╭──
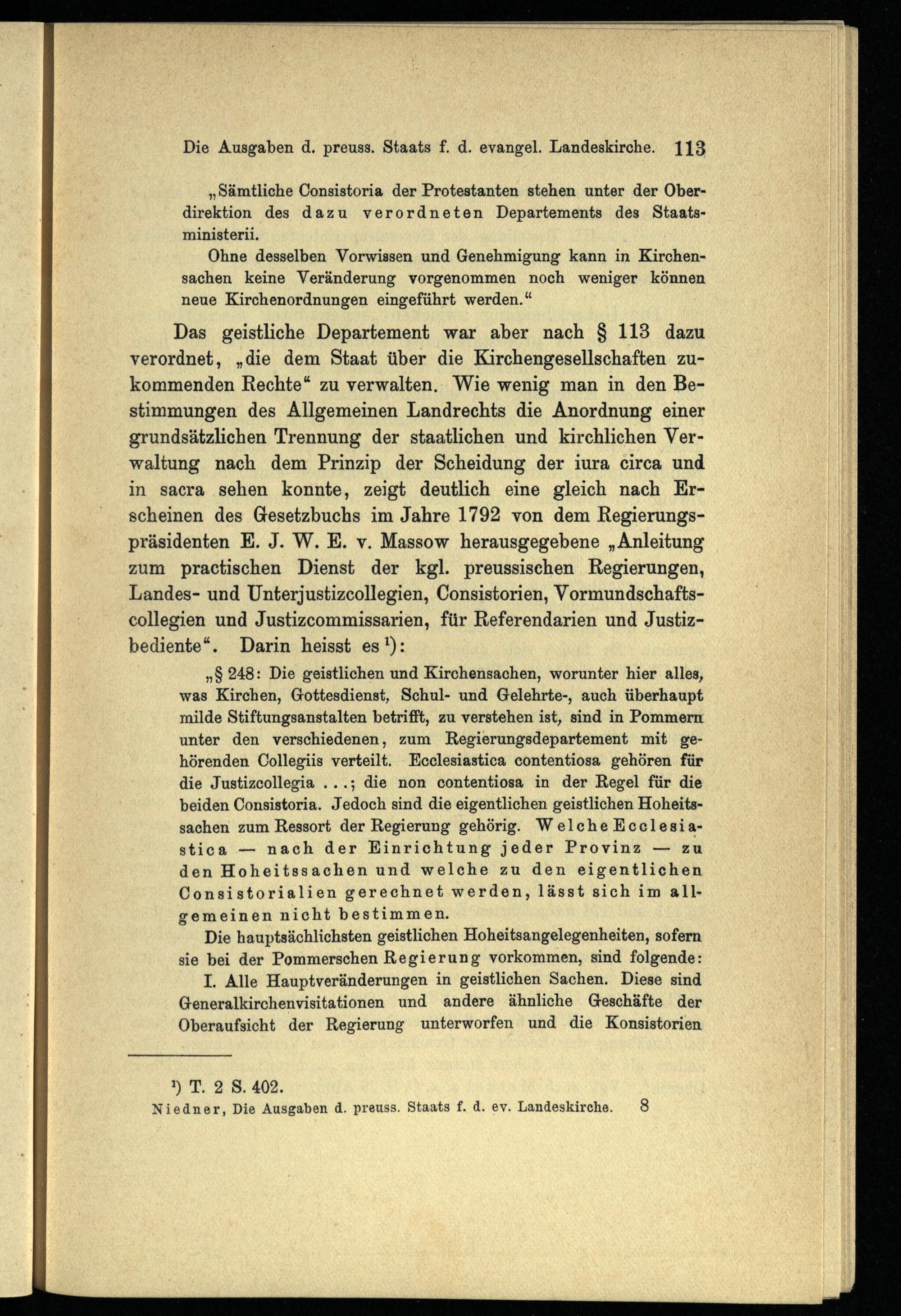 Die Ausgaben des preussischen Staats für die evangelische Landeskirche der älteren Provinzen : ein Beitrag zur Geschichte der evangelischen Kirchenverfassung in Preussen / von Johannes Niedner
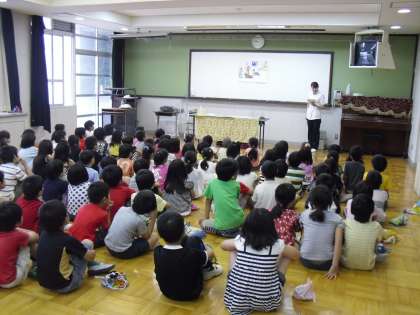 楽しいそうに紙芝居で歯みがきの大切やむし歯についての話を聞き、正しい磨き方を学習すると、みんなシャカシャカと音を立てながら一生懸命に歯を磨いていました。
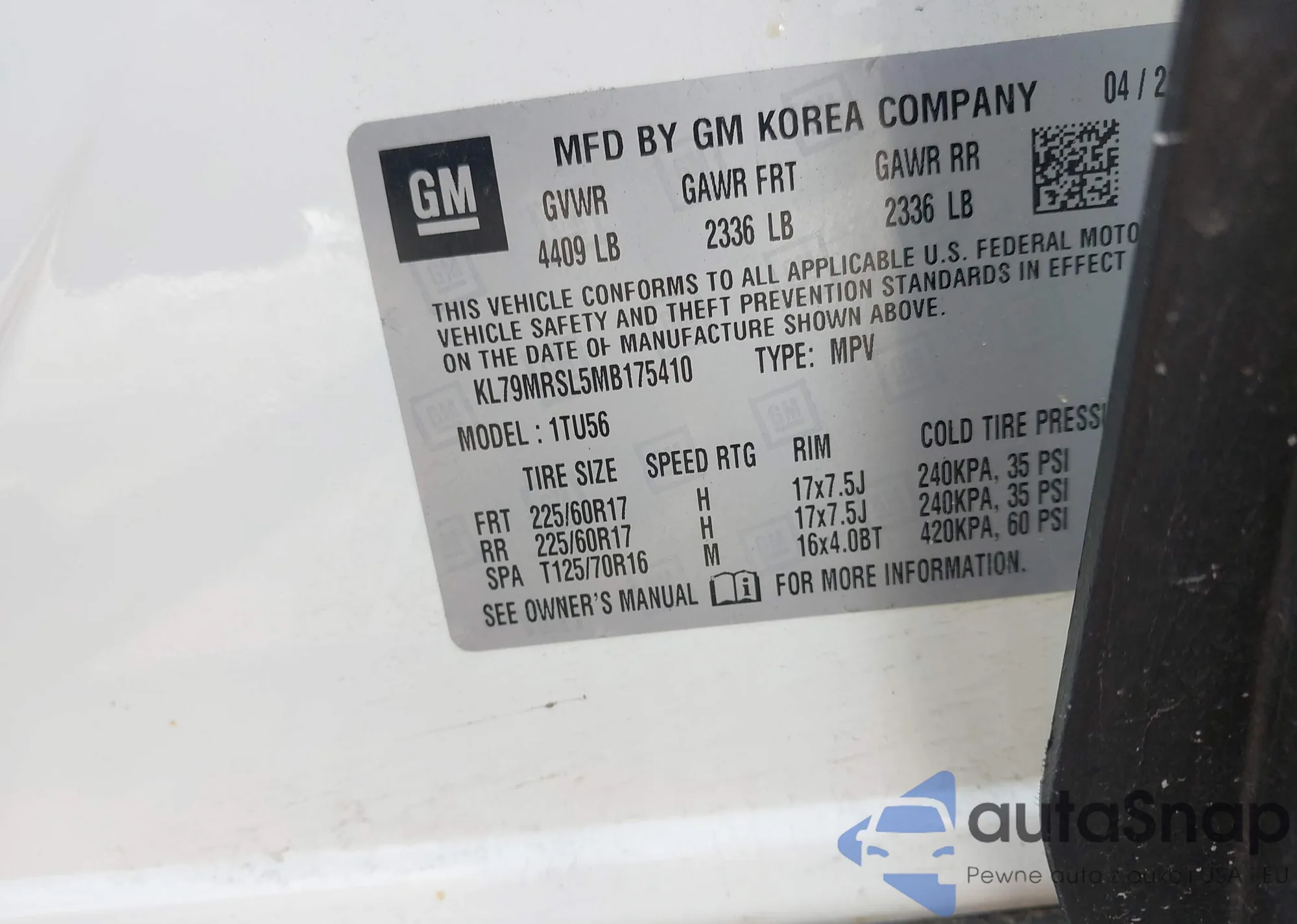 • VIN KL79MRSL5MB175410
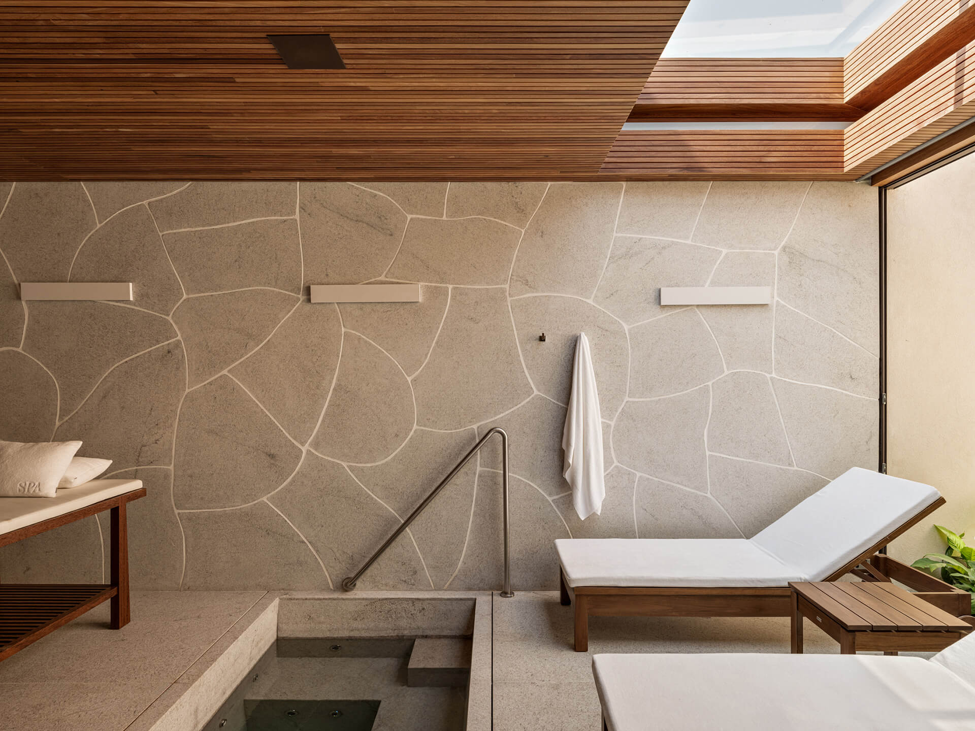 Η σύνθεση οργανώνεται μέσα από μια σαφή λειτουργική διάταξη που διαχωρίζει την κατοικία σε δύο βασικούς όγκους. Ένας επιμήκης όγκος φιλοξενεί τις ιδιωτικές λειτουργίες, όπως τρεις σουίτες, έναν χώρο φυσικοθεραπείας και ένα γραφείο, ενώ ένας εγκάρσιος όγκος συγκεντρώνει τις κοινόχρηστες και υποστηρικτικές χρήσεις, όπως η κουζίνα, η τραπεζαρία και οι βοηθητικοί χώροι. Κατά την είσοδο, ήπιες κεκλιμένες και καμπύλες επιφάνειες καθοδηγούν τη ματιά προς τον κύριο χώρο διημέρευσης, συγκροτώντας μια ρευστή χωρική αλληλουχία που συνδέεται άμεσα με τις ζώνες αναψυχής. Η ενσωμάτωση λειτουργιών όπως σάουνα, spa, γυμναστήριο και παιδικός χώρος ενισχύεται μέσω κινητών υαλοστασίων, που επιτρέπουν ευελιξία και συνέχεια. Το σύνολο αυτού του μετώπου αναψυχής φωτίζεται από φυσικό ζενιθιακό φως, εξασφαλίζοντας ιδιωτικότητα και χωρική καθαρότητα.
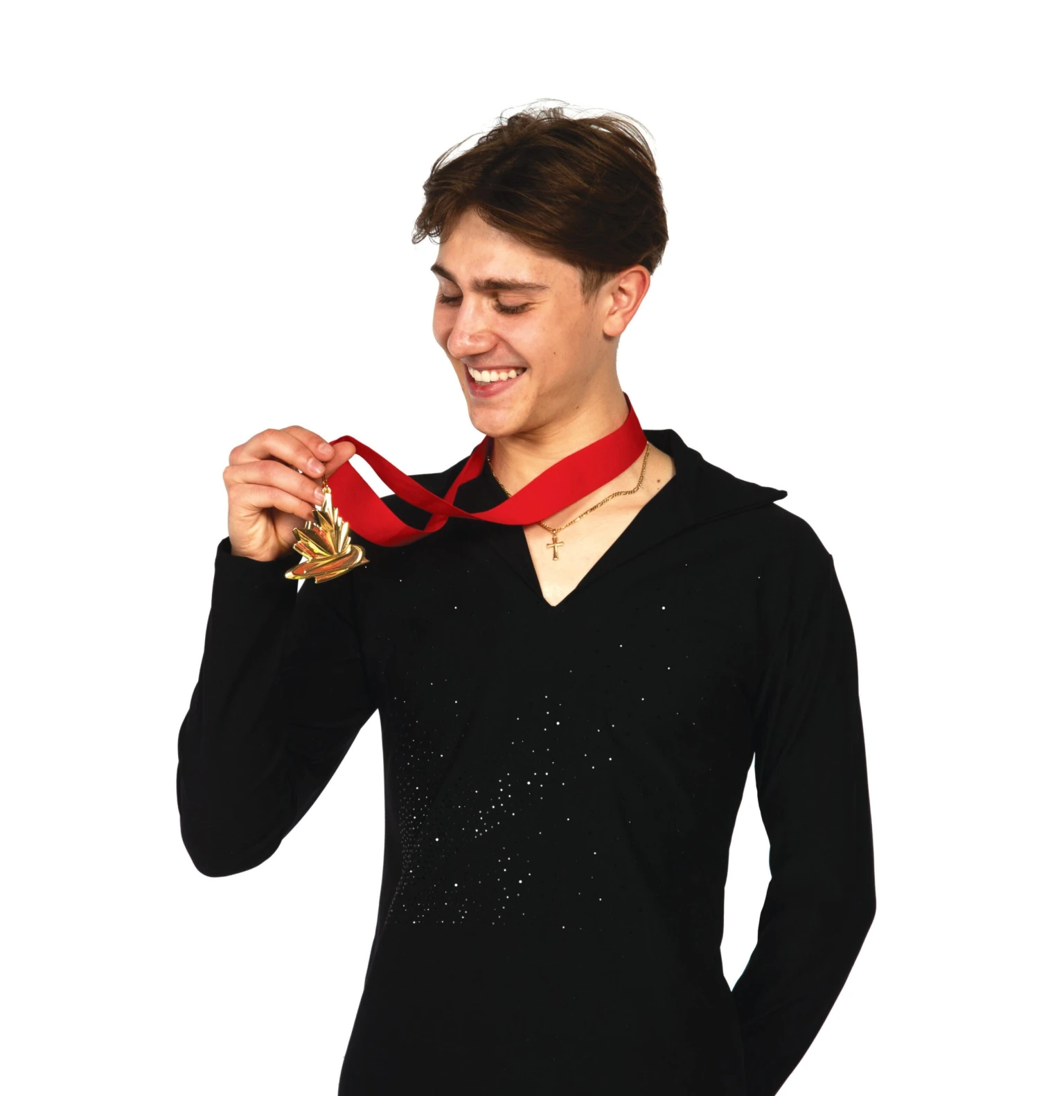 - Perfectly understated black matte supplex shirt has subtle black crystals fanning out across its front which catch the light with every move
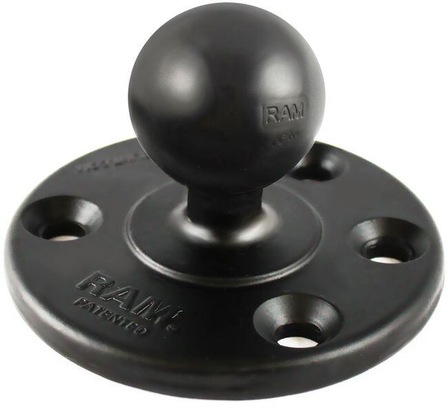 RAM-240U kerek tartó 93 mm átmérőjű csavarokhoz vagy csavarokhoz, 1,5 "-os golyóscsappal. Használat: - mint tartó sík felületekhez, 1,5 hüvelykes csappal. A tartó rögzített, nem eltávolítható rögzítésére szolgál sík felületre. Általában csavarokkal a teherautó padlójának megfelelő helyére, a hajó fedélzetére, kajakos fedélzetre stb. - adapterként 1,5 hüvelykes
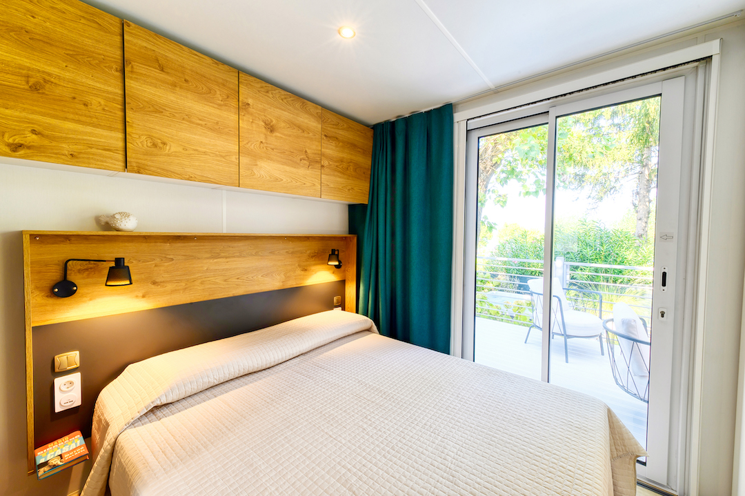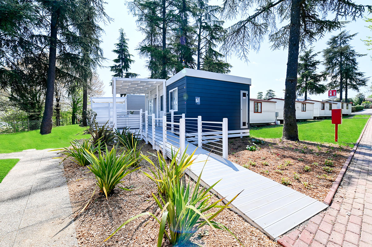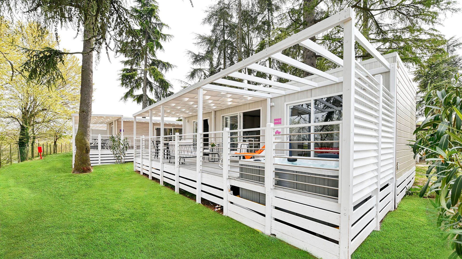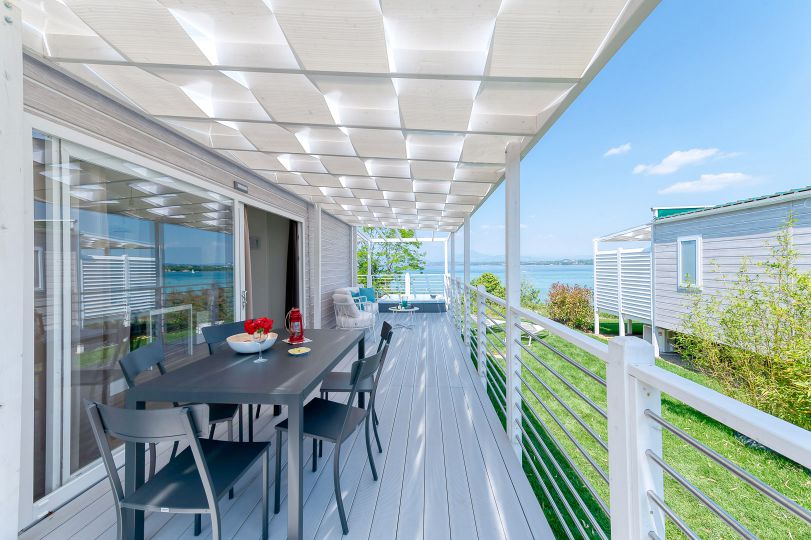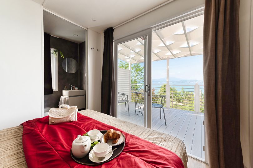 Suite ist ein revolutionäres 40 m2 großes Mobilheim, das sich in einer besonders panoramischen Gegend mit Blick auf den See befindet und sich perfekt in die Umgebung einfügt. Es stellt ein neues Mobilhome-Konzept dar, ausgestattet mit allem Komfort, elegant und zeitgemäß.
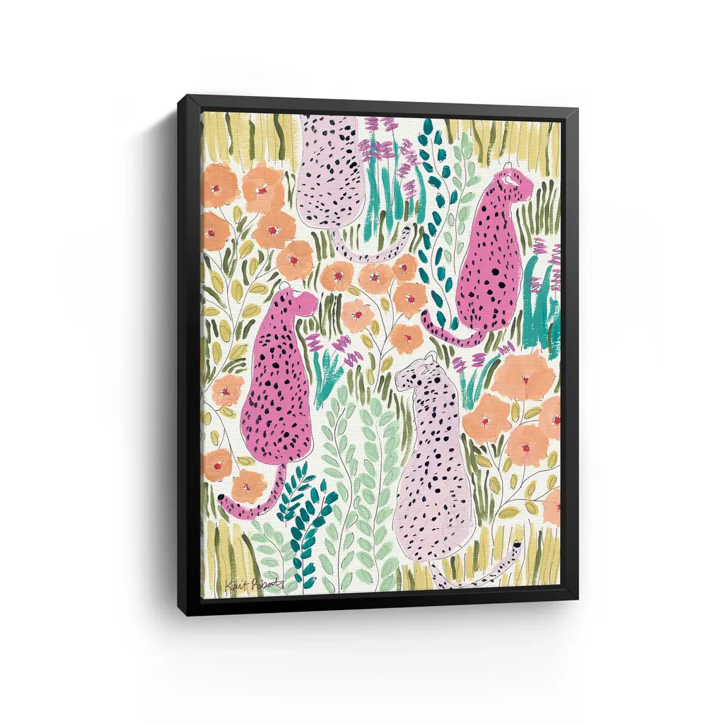 Hello Cheetah - Pink Canvas Giclee - Framed / Dark Walnut / 24x32
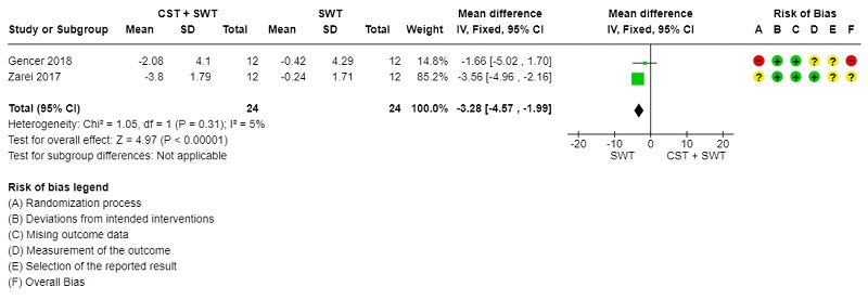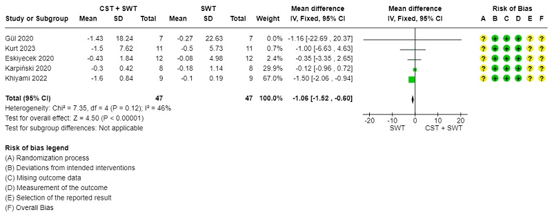 Methods: A systematic search was conducted in PubMed, Bireme, Scopus, and Web of Science (WOS), adhering to the Cochrane Handbook guidelines. Risk of bias was evaluated using the ROB2 scale, while the quality of the studies was assessed with the SIGN and CONSORT checklists. Data were analyzed using a fixed-effects meta-analysis in RevMan-Web, and heterogeneity was assessed using the 𝐼² and 𝜒² tests.
╰──
Exercise: Using the material above, reproduce only the lines that run from the line with "Η σύνθεση οργανώνεται" up to and including the line with "- Perfectly understated", exactly, with the pictures dropped.

Answer for the task:
 Η σύνθεση οργανώνεται μέσα από μια σαφή λειτουργική διάταξη που διαχωρίζει την κατοικία σε δύο βασικούς όγκους. Ένας επιμήκης όγκος φιλοξενεί τις ιδιωτικές λειτουργίες, όπως τρεις σουίτες, έναν χώρο φυσικοθεραπείας και ένα γραφείο, ενώ ένας εγκάρσιος όγκος συγκεντρώνει τις κοινόχρηστες και υποστηρικτικές χρήσεις, όπως η κουζίνα, η τραπεζαρία και οι βοηθητικοί χώροι. Κατά την είσοδο, ήπιες κεκλιμένες και καμπύλες επιφάνειες καθοδηγούν τη ματιά προς τον κύριο χώρο διημέρευσης, συγκροτώντας μια ρευστή χωρική αλληλουχία που συνδέεται άμεσα με τις ζώνες αναψυχής. Η ενσωμάτωση λειτουργιών όπως σάουνα, spa, γυμναστήριο και παιδικός χώρος ενισχύεται μέσω κινητών υαλοστασίων, που επιτρέπουν ευελιξία και συνέχεια. Το σύνολο αυτού του μετώπου αναψυχής φωτίζεται από φυσικό ζενιθιακό φως, εξασφαλίζοντας ιδιωτικότητα και χωρική καθαρότητα.
 - Perfectly understated black matte supplex shirt has subtle black crystals fanning out across its front which catch the light with every move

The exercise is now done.